Investors shrug off weak jobs data in hunt for value

Stocks reversed course higher on Friday, with the Dow rallying back from a 250-point deficit as investors took a disappointing September jobs report in stride.

"Oversold sectors are catching a bid," said Art Hogan, chief market strategist at Wunderlich Securities, referring to biotechnology, energy and materials, which led gains.

The Dow Jones Industrial Average (DJI) rose 200 points, or 1.2 percent, to 16,472. The S&P 500 Index (SPX) added 28 points, or 1.4 percent, to 1,951. The Nasdaq Composite (COMP) climbed 81 points, or 1.7 percent, to 4,708.

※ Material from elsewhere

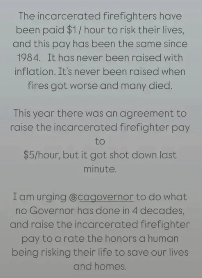 Кардашьян уточнила, что пожарные из числа узников тюрем работают посменно по 24 часа в сутки, а их зарплата не менялась последние 40 лет. Выяснилось, что данная программа существует с 19-го века. Селебрити добавила, что недавно обсуждалась программа по повышению платы заключенным-пожарным до пяти долларов в час, но, по ее словам, "она была прикрыта в последнюю минуту".
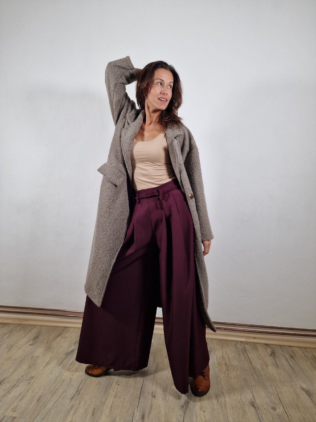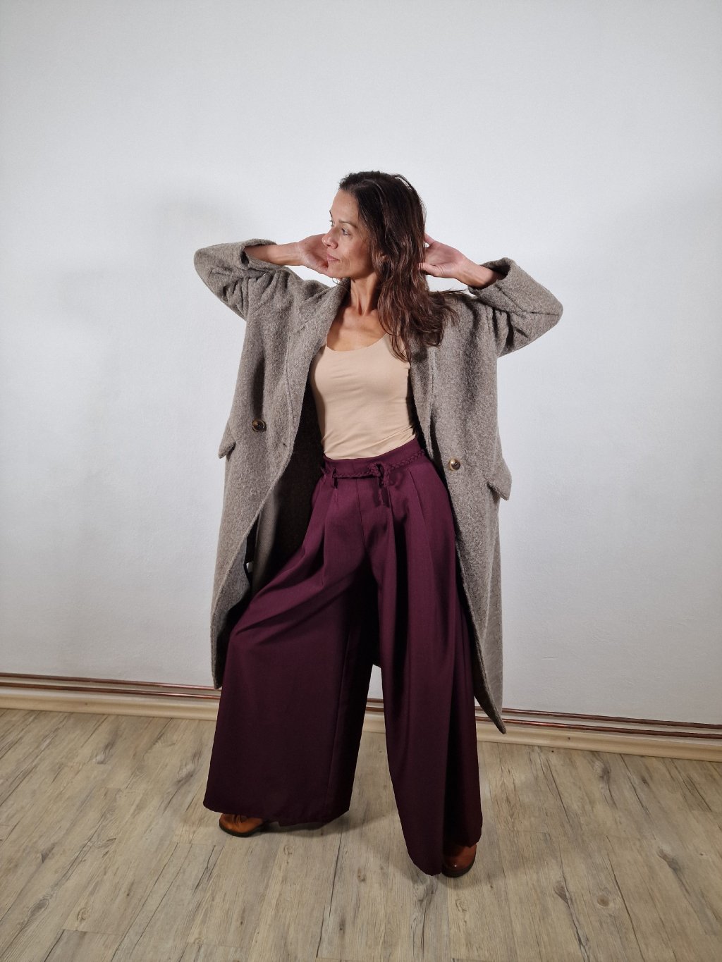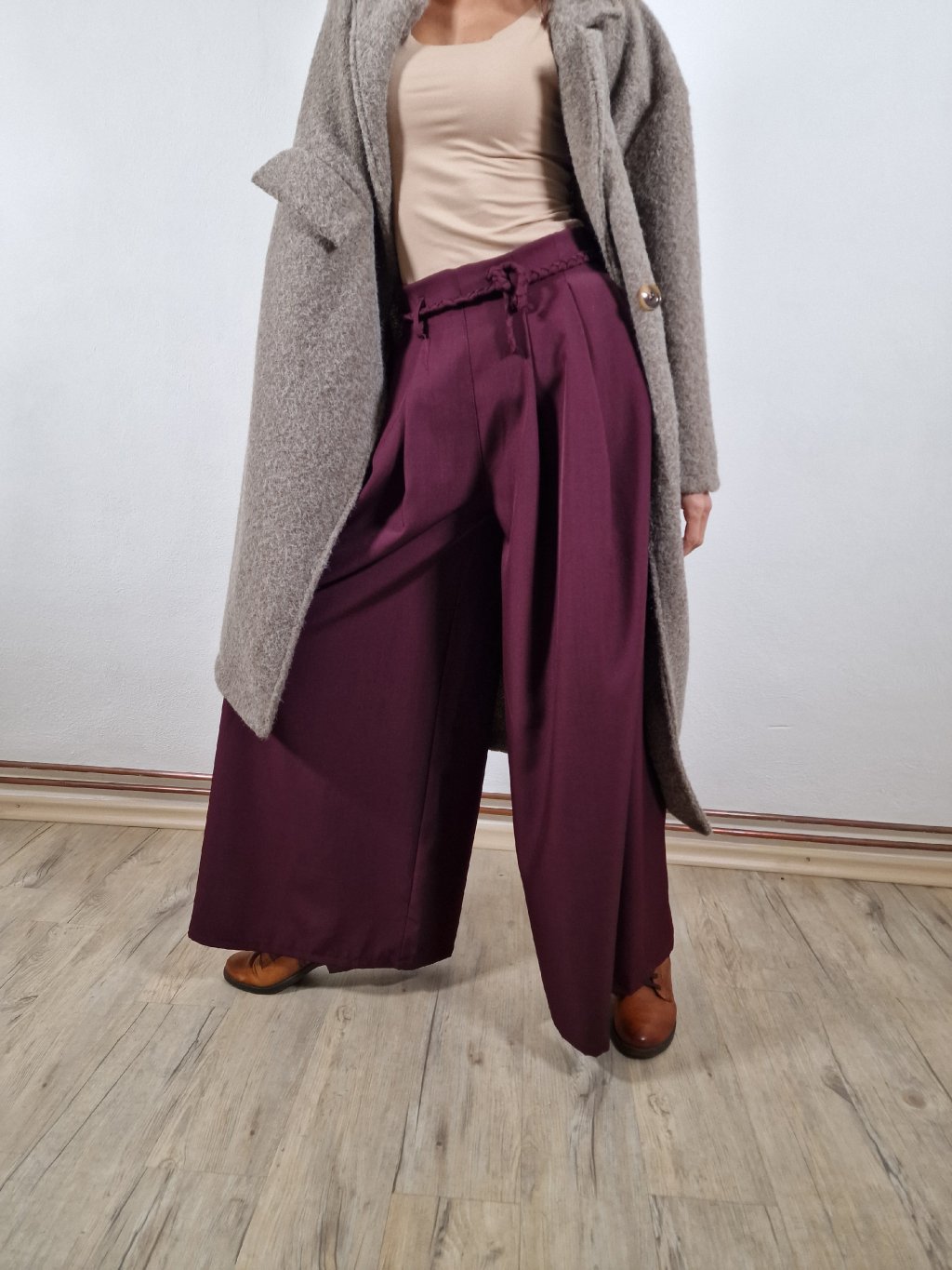 Lehký splývavý materiál a doplňky v podobě pásku dodávají kalhotám ženský a sofistikovaný vzhled. Skvěle se kombinují s elegantní halenkou nebo topem.

"The consistent ability of this economy to create jobs seems to be showing some softness," said Hogan of the September payrolls report. "Last year, on average, the economy was creating 250,00 a month, this year it's 200,000, so on average, we're creating less. The good news is we're creating jobs."

The U.S. economy added only 142,000 jobs last month, substantially below the 200,000 projected by economists. The unemployment rate remained unchanged at 5.1 percent, the Labor Department said Friday.

"A disappointing report, no doubt about it," said Scott Wren Senior Global Equity Strategist at Wells Faro Investment Institute. "There is no wage pressure, the job market is not as tight as people think."

The weaker-than-projected report comes amid softening overseas markets, a stronger dollar and cheaper oil prices hurt U.S. manufacturing and exports.

"It's very hard to find anything redeeming in the whole report," said JJ Kinahan, chief strategist at TD Ameritrade. "Real wages on a percentage basis were flat, and manufacturing was a negative for the month."

Friday's jobs report was seen as reducing the odds of a rate hike by the Federal Reserve before the end of the year, with two more monetary policy meetings set for 2015, the next on Oct. 28.

"Chances of a rate hike by the Fed this year just went way down," Paul Ashworth, chief U.S. economist at Capital Economics, said in a note. "The Fed won't be raising rates until early 2016."